*** Opening PROVIDED INFORMATION ***

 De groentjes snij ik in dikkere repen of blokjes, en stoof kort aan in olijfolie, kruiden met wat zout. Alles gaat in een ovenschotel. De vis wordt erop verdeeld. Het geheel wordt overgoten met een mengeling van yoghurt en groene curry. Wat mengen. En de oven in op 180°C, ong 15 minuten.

*** Closing PROVIDED INFORMATION ***
*** Opening PROVIDED INFORMATION ***

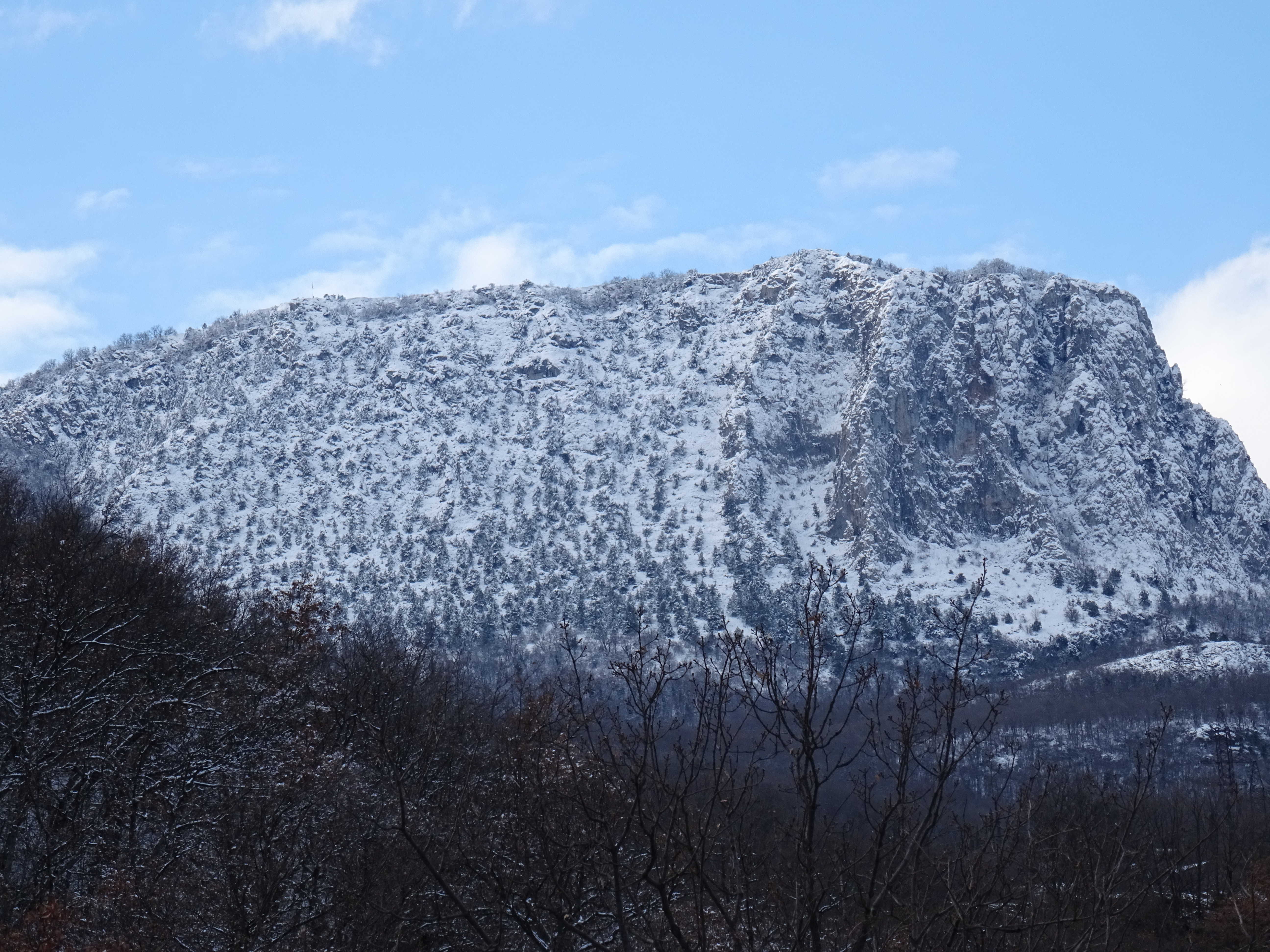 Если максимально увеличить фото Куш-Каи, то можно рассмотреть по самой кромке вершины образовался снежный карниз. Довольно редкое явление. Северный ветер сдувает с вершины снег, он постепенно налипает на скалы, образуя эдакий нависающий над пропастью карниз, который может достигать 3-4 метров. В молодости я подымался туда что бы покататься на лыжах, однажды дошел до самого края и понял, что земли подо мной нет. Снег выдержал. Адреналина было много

*** Closing PROVIDED INFORMATION ***
*** Opening PROVIDED INFORMATION ***

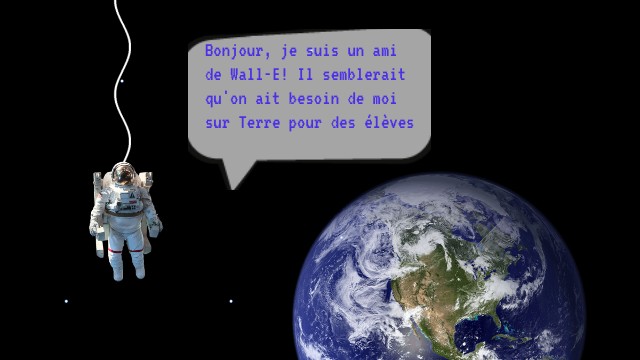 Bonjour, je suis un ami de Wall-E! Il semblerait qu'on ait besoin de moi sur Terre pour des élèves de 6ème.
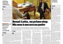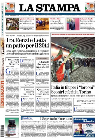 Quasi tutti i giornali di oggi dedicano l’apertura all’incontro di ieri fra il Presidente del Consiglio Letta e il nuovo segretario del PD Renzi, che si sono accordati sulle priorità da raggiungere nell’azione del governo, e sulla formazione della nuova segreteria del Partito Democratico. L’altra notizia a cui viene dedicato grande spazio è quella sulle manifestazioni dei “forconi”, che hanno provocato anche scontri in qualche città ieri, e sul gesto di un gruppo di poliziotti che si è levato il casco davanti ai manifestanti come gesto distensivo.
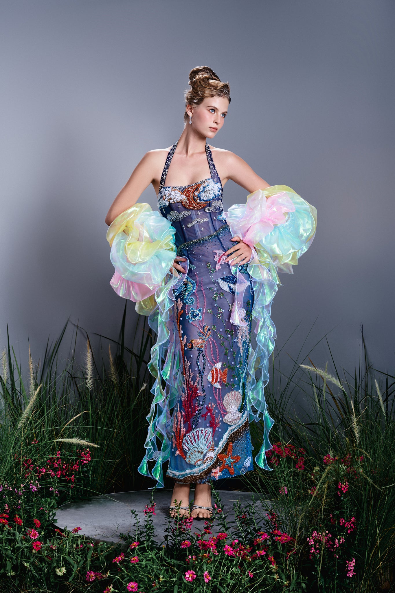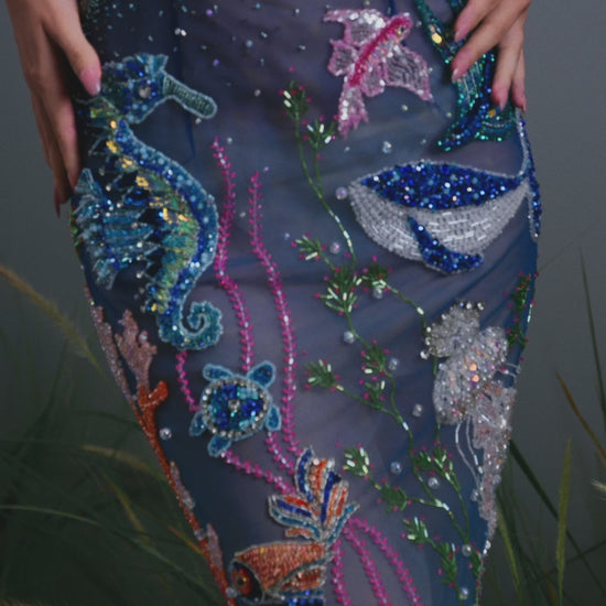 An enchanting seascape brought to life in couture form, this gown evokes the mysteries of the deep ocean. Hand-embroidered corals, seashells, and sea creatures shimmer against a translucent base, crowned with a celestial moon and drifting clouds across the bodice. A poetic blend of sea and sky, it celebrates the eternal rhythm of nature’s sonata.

*** Closing PROVIDED INFORMATION ***

- _TASK REQUIREMENTS_
Leave out every picture, and copy exactly the lines above starting at the one holding "Bonjour, je suis" and ending at the one holding "An enchanting seascape", no more and no less.

- _COMPLETED EXERCISE_
 Bonjour, je suis un ami de Wall-E! Il semblerait qu'on ait besoin de moi sur Terre pour des élèves de 6ème.
 Quasi tutti i giornali di oggi dedicano l’apertura all’incontro di ieri fra il Presidente del Consiglio Letta e il nuovo segretario del PD Renzi, che si sono accordati sulle priorità da raggiungere nell’azione del governo, e sulla formazione della nuova segreteria del Partito Democratico. L’altra notizia a cui viene dedicato grande spazio è quella sulle manifestazioni dei “forconi”, che hanno provocato anche scontri in qualche città ieri, e sul gesto di un gruppo di poliziotti che si è levato il casco davanti ai manifestanti come gesto distensivo.
 An enchanting seascape brought to life in couture form, this gown evokes the mysteries of the deep ocean. Hand-embroidered corals, seashells, and sea creatures shimmer against a translucent base, crowned with a celestial moon and drifting clouds across the bodice. A poetic blend of sea and sky, it celebrates the eternal rhythm of nature’s sonata.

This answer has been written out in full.